Problem statement
The entire listing that follows must be repeated exactly, pictures excluded.

Supplied data Start Marker

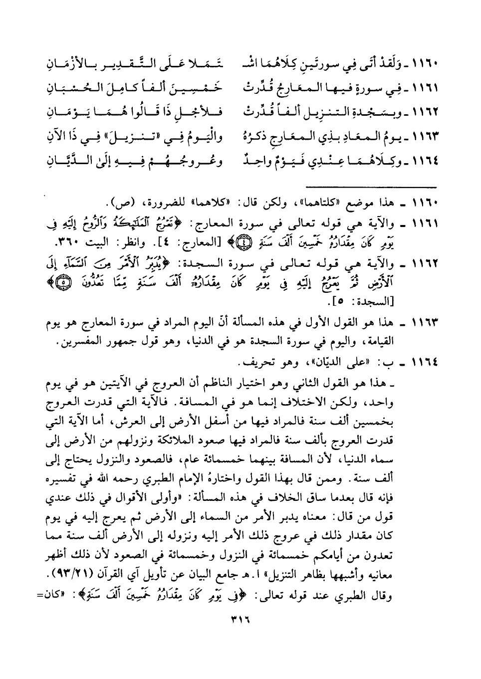 ١١٦١ - والآية هي قوله تعالى في سورة المعارج: {تَعْرُجُ الْمَلَائِكَةُ وَالرُّوحُ إِلَيْهِ فِي يَوْمٍ كَانَ مِقْدَارُهُ خَمْسِينَ أَلْفَ سَنَةٍ (٤)} [المعارج: ٤]. وانظر: البيت ٣٦٠.
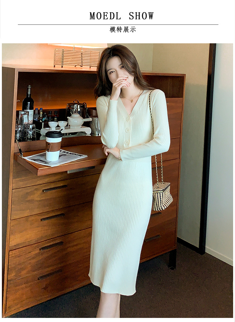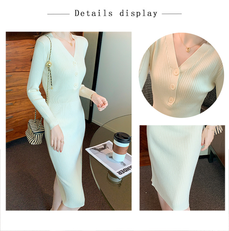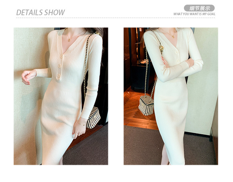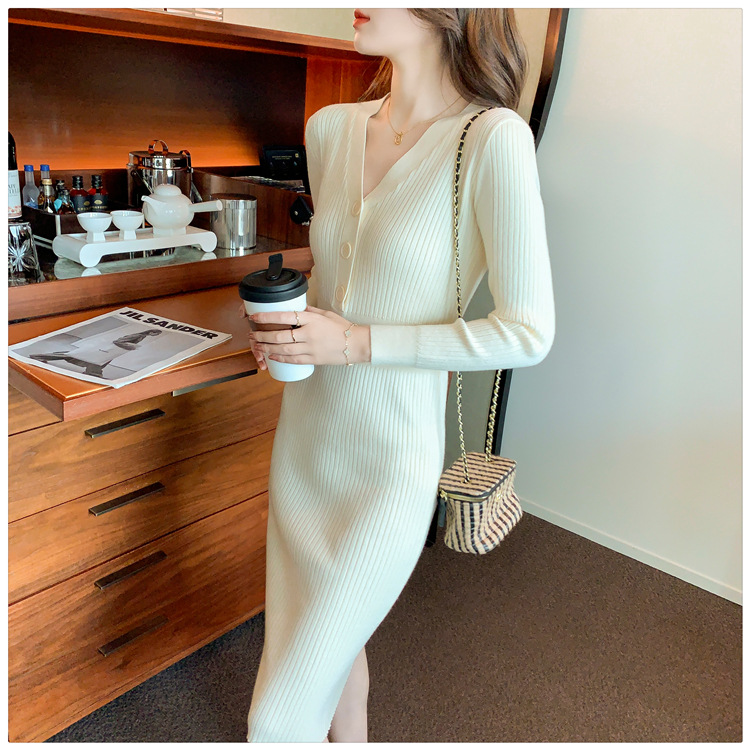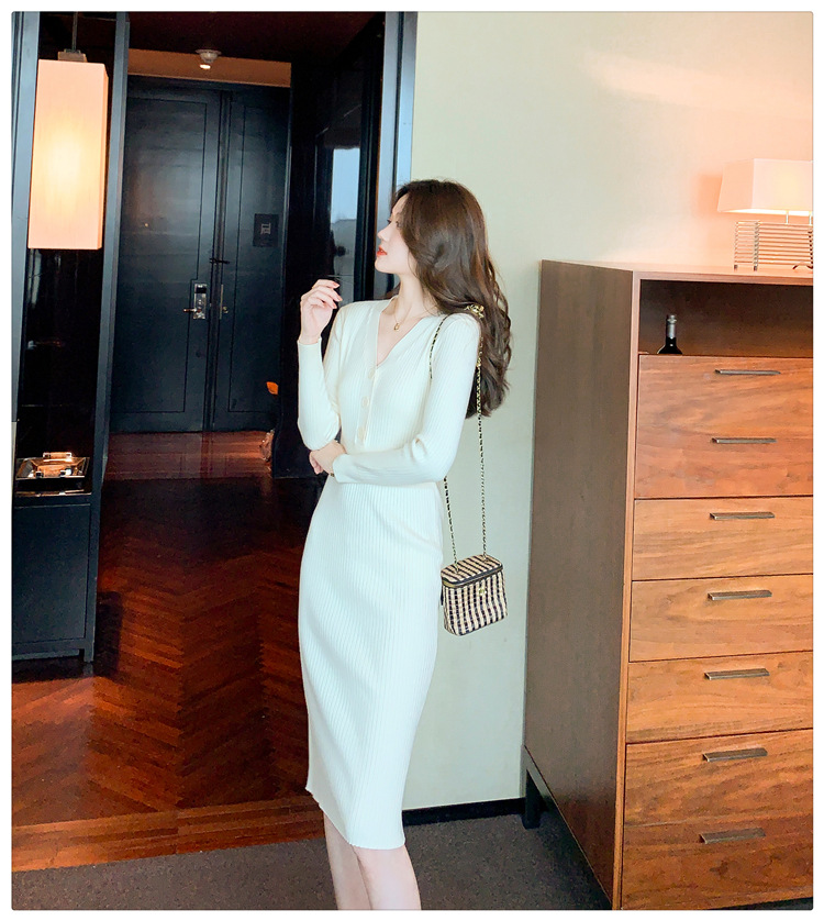 니트 원피스 여성의 가을과 겨울 새로운 V-넥 중간 길이 오버 더-무릎 내복 연령 감소 스커트 슬림 핏 스커트 도매스토어 가기
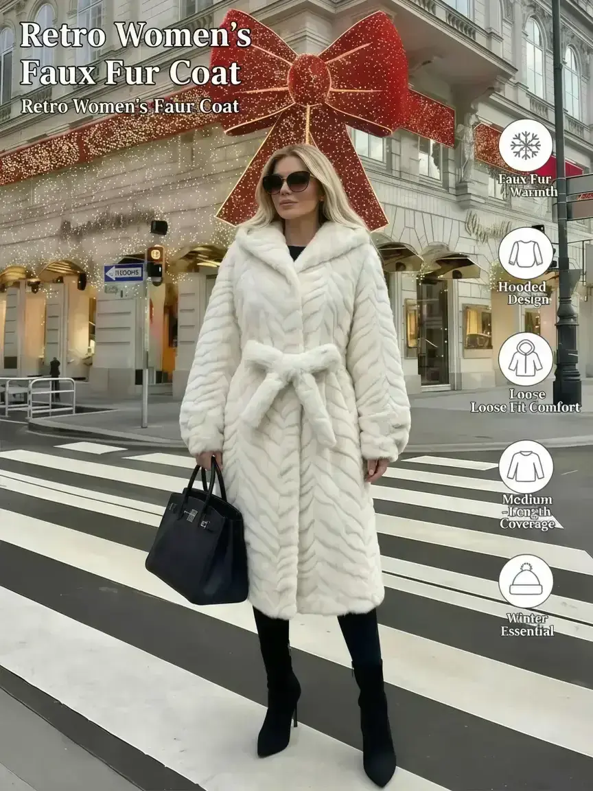Women's Faux Fur Coat, Winter Fashionable Casual Long Sleeve Jacket, Retro Hooded Loose Fit Medium-Length Outerwear for Daily Wear

Supplied data End Marker

Expected answer
 ١١٦١ - والآية هي قوله تعالى في سورة المعارج: {تَعْرُجُ الْمَلَائِكَةُ وَالرُّوحُ إِلَيْهِ فِي يَوْمٍ كَانَ مِقْدَارُهُ خَمْسِينَ أَلْفَ سَنَةٍ (٤)} [المعارج: ٤]. وانظر: البيت ٣٦٠.
 니트 원피스 여성의 가을과 겨울 새로운 V-넥 중간 길이 오버 더-무릎 내복 연령 감소 스커트 슬림 핏 스커트 도매스토어 가기
Women's Faux Fur Coat, Winter Fashionable Casual Long Sleeve Jacket, Retro Hooded Loose Fit Medium-Length Outerwear for Daily Wear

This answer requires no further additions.